I suspect a fairly common scenario for Sitecore developers is launching a new site which replaces an existing one with a shiny new design and content structure. It's a fairly common requirement of these projects that whoever is in charge of SEO will want redirects in place from important old URLs on the site, to new ones. They ensure that users who have bookmarks to the old pages don't see 404s, and try to keep the search engine rankings which had been acquired by the old site.
Another common scenario these days is for new websites to serve all of their pages under HTTPS, rather than just the "sensitive" pages as we might have done in the past.
When you combine these two needs together, you can end up with more complicated redirection rules than you might have needed in the past. If you're planning to make use of the the Url Redirect module from the Sitecore Marketplace, my experiences doing this might be of help to you:
We need zero or one of these rules to trigger for any request arriving at the server.
In my case, detecting a URL which requires a redirect needs an expression based on the pattern:
^the-url-to-redirect/?$
Which translates as:
When constructing these rules you need to remember that you don't see the protocol, host name or querystring at this point. If you're not confident with regular expressions, a testing tool such as the .Net Regex Tester can be very helpful to help you get the syntax right. This is generally easier than trying to debug the expressions by running redirect rules in Sitecore.
Your rule item probably ends up looking a bit like this: (Click to enlarge)
If this matches, you then need a
Redirect
item to describe what should happen.
Here, we need to specify a few things:
The first two are dealt with by the replacement expression that we define in the
Rewrite URL
field. This will look something like:
https://HTTP_HOST/my-new-site-url
The
{HTTP_HOST}
token will be replaced with whatever the host was in the original request. Using this approach rather than hard-coding the host allows the rules to be tested on non-production servers prior to deployment.
The third and fourth bullets are dealt with by the
Redirect Type
field and the
Stop processing of subsequent rules
checkbox.
So your redirect item will look something like:
You'll need to follow that pattern to create a set of rules for redirecting the old URLs that your SEO people require. You may find that using folders to organise the rules for sub-levels of the old site will help keep things neater.
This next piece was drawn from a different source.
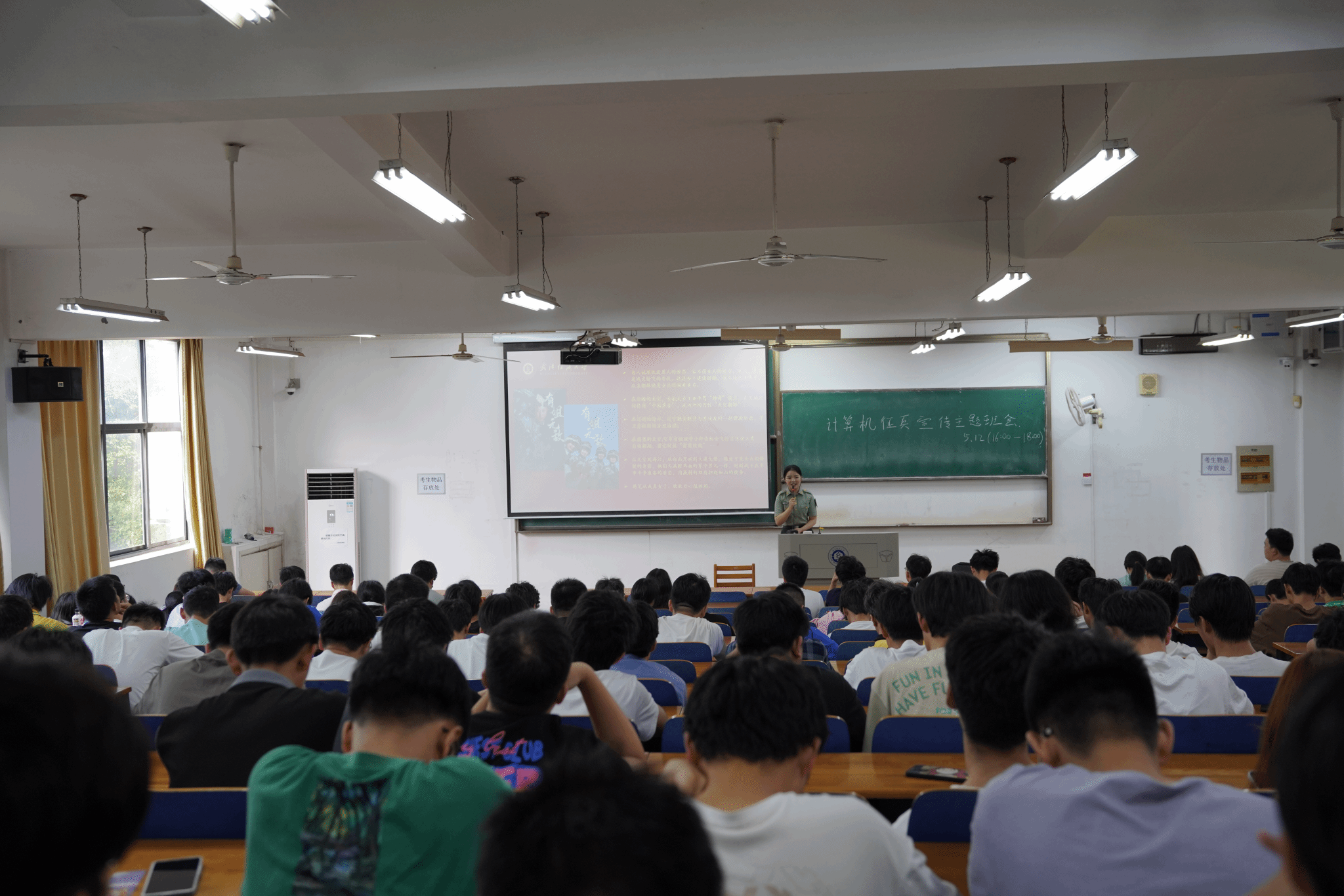 各年级辅导员从应征入伍基本条件、入伍流程、大学生参军入伍享受政策及大学生入伍优势等几个方面进行详细的政策解读,确保同学们对大学生征兵工作有一个全面的认识。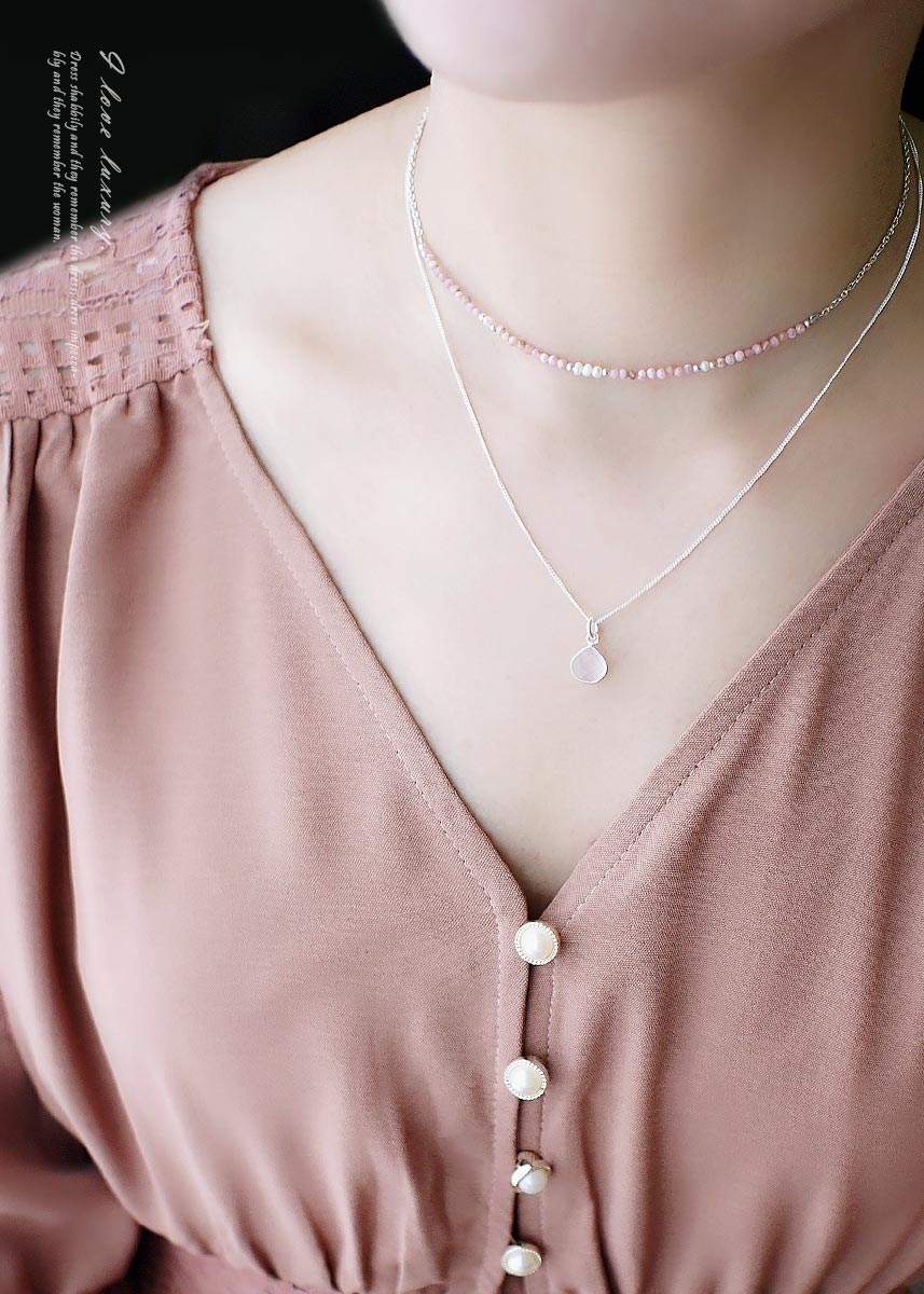 此款圖照搭配玫瑰石珍珠純銀項鍊,可自行配戴一長一短,呈現雙層項鍊的效果,玫瑰石珍珠項鍊請至另一賣場選購。

Folders are ignored by the logic which processes the rules, so they just help you organise rules.
First of all, the
Inbound Rule
here needs to match everything, as we only get here if no other rule has matched. The example rules that ship with the module use
(.*)
for this purpose. The brackets here are required to make a "group" in Regular Expression terms – basically some characters we're going to want to be able to fetch later.
Secondly, you need to add a
Condition
to qualify the
Inbound Rule
. We've already told it to "match any path" but we only want this rule to trigger if the request is made under HTTP. The data needed for that is as follows:
That means the rule only triggers when the flag saying "is the request under HTTPS" is false.
And finally, we need the redirect:
The only difference here is the use of the
{R:1}
token in the target URL. This fetches back the group we matched above, so we can paste the original requested URL into our re-written request.
But when I'd finished testing this and deployed it to my QA infrastructure, it stopped working as expected. Suddenly I was seeing the rules firing in such a way that two redirects were required. The generic HTTPS rule would trigger first for my test, followed by the specific rule.
Cue a few hours spent with the source code from Github and the trusty Visual Studio debugger...
The reason, it turns out is that the rules are fetched by a query when the module starts up, and it's based on the item template not content structure. The order items come back in isn't really defined here, but is most likely related to the order they exist in the underlying database. On my dev machine, I'd created them in the correct order so by luck they were working there, but copying them across to the QA site via a package hadn't maintained that ordering. Hence the list of rules in memory ended up in a different order to the rules in the content tree – because that's always sorted by the
__sortorder
field.
I ended up solving my problem by adding "sort by
__sortorder
into the redirect module code, so that each time a rule is updated the cached rule-set in memory is re-sorted. The
change set is available via github
if you find yourself in a similar situation, and I've submitted a Pull Request for this and some other minor changes. So hopefully that behaviour (or an improved version of it) can end up in the Marketplace module in the future...
One point worth noting is that because of the way that Sitecore manages the values in the
__sortorder
field, if you put rules into folders, more than one rule can end up with the same sort order value. Sitecore restarts its numbering from scratch for each folder, so if the rules are fetched from more than one folder you can see duplication. And unsurprisingly, the outcome of the sort operation is undefined for these duplicates. If this is going to be an issue to you, you probably need to manually adjust the values in the sort order field, to make sure their values sort correctly. This field lives in the "Standard Fields" for Sitecore Items, so you'll need to make sure those are visible in Content Editor in order to modify it. Or alternatively you might consider modifying the code to sort by a custom "rule priority" field that you create yourself.